Ian Folke Svenonius is an American author, filmmaker, and musician with various Washington, D.C.–based punk bands including Nation of Ulysses, the Make-Up, Weird War, XYZ, Too Much, Escape-ism, and Chain & the Gang. Between his numerous projects, Svenonius has released more than 22 full-length albums and over 20 singles, EPs, and splits. A published author and online talk show host, Svenonius' projects share a tongue-in-cheek, left political ideology.

His first band, Nation of Ulysses, which released its first record in 1990, was highly influential in the punk scene but dissolved in 1992. After a short-lived side-project called Cupid Car Club, Svenonius formed the Make-Up in 1995, who combined garage rock, soul, and liberation theology to make a new genre they dubbed "Gospel Yeh-Yeh". The Make-Up disbanded early in 2001, and a year later, Svenonius formed the band Weird War, who were also known briefly as the Scene Creamers. Later Svenonius led the band Chain and the Gang. Currently, Svenonius is the leader of the group Escape-ism.

In 2021, Svenonius co-released a feature film called "The Lost Record," named for the Escape-ism LP of the same name.

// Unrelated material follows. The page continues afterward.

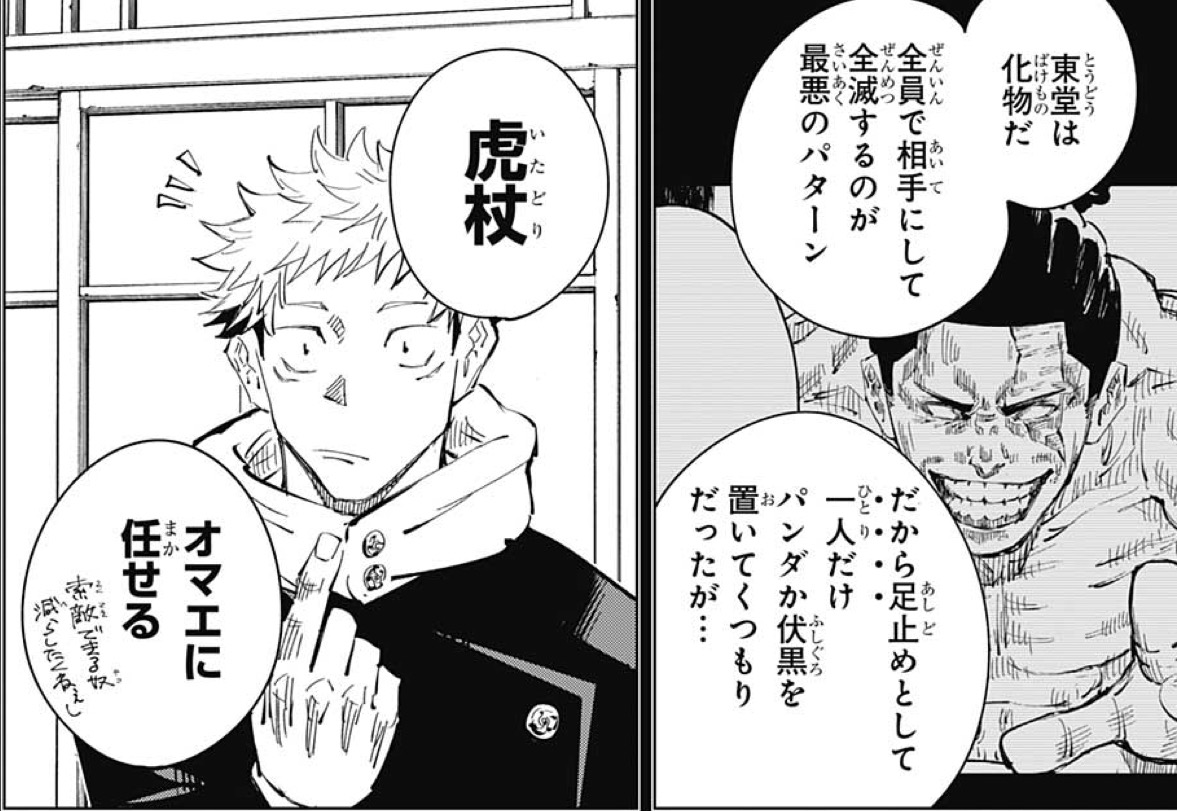 百鬼夜行の際も影で活躍していたらしい東堂はお返しに力強い一撃からの連続攻撃で虎杖をボコボコにしてしまいます。勝ちを確信していた東堂でしたが、そう簡単にはいかないほどしぶといのが我らの虎杖です。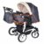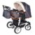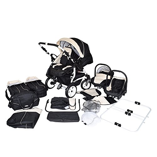 Ausstattung:• solide Stahlkonstruktion• 4x Federung• schwenkbare Vorderräder 360° – > feststellbar• 2 Softtragetaschen mit festem Boden und abnehmbarem Sonnenschutz• Regenschutzüberzug und Moskitonetz• Sportwagenfunktion ab dem 6. Lebensmonat nutzbar• große Wickeltasche mit Tragegurt• sehr geräumiger Einkaufskorb (leicht zugänglich)• Sicherheitsbügel abnehmbar• Wetterverdeck mit extra hohem Windschutz• 5 Punkt Sicherheitsgurt inkl. Gurtpolster• 3 stufige Rückenlehnenverstellung (getrennt einstellbar)• Sichtfenster und Klimatisierung am Verdeck• Aufsatz beidseitig verwendbarDetail:• Gestell zusammengeklappt mit Räder: 92,5 x 78,5 x 45 cm• Gesamthöhe Kinderwagens bis Verdeckspitze: 106 cm• höhenverstellbarer Schieber in der Höhe von: 77 – 113 cm• Liegehöhe vom Boden: 50 cm• Radstand Achsmaß: 49 cm• Innenmaß: 84 x 55 x 19 cm• Innenmaß der Softtragetasche: 75 x 26 x 19 cm• Aussenmaß: 55 x 26 x 12 cm• Gewicht Gestell: 12 kg• Gewicht Sportwagen: 20 kg• Gewicht Kinderwagen: 22,5 kg• Stoff: 100 % Polyester• Gestell: StahlrohrDie Babyschale• Babyschale zum einsetzen in den Kinderwagen• die Babyschale wird mit passendem Adapter am Kinderwagen verbunden• passend für Kinder mit einem Körpergewicht bis 10 kg• 3-Punkt-Sicherheitsgurt-System• 3 alternative Positionen für den Tragegriff• weiches Material im Bereich des Kopfes und der Hüften sorgt für Komfort und Wärme• entspricht dem europäischen Sicherheitsstandard ECE R44/04• Babyschale kann gegurtet oder mit Isofix Station genutzt werden Lieferumfang:1. Kinderwagen mit Verdeck2. Fußverdeck für Kinderwagen3. großer Einkaufskorb4. Softtragetasche5. Wickeltasche mit Tragegu

Svenonius' solo work includes the 2001 album Play Power under the fictional pseudonym of David Candy, the books The Psychic Soviet, Supernatural Strategies for Making a Rock 'n' Roll Group, Censorship Now!!, & Against the Written Word, and as host of Soft Focus on VBS.tv.

==Musical projects==

===Nation of Ulysses===

Svenonius' first musical group was Nation of Ulysses. The band formed in spring 1988, initially composed of four members, Svenonius on vocals and trumpet, Steve Kroner on guitar, Steve Gamboa on bass guitar, and James Canty on drums, and known simply as "Ulysses". In late 1989, Tim Green joined the band as a second guitarist and the band was renamed to "Nation of Ulysses". The Nation of Ulysses described themselves not as a rock and roll group in the traditional sense, but "as a political party" and as "a shout of secession". Explaining their intent, Svenonius said "it's basically a new nation underground for the dispossessed youth colony. It's all about smashing the old edifice, the monolith of rock and roll".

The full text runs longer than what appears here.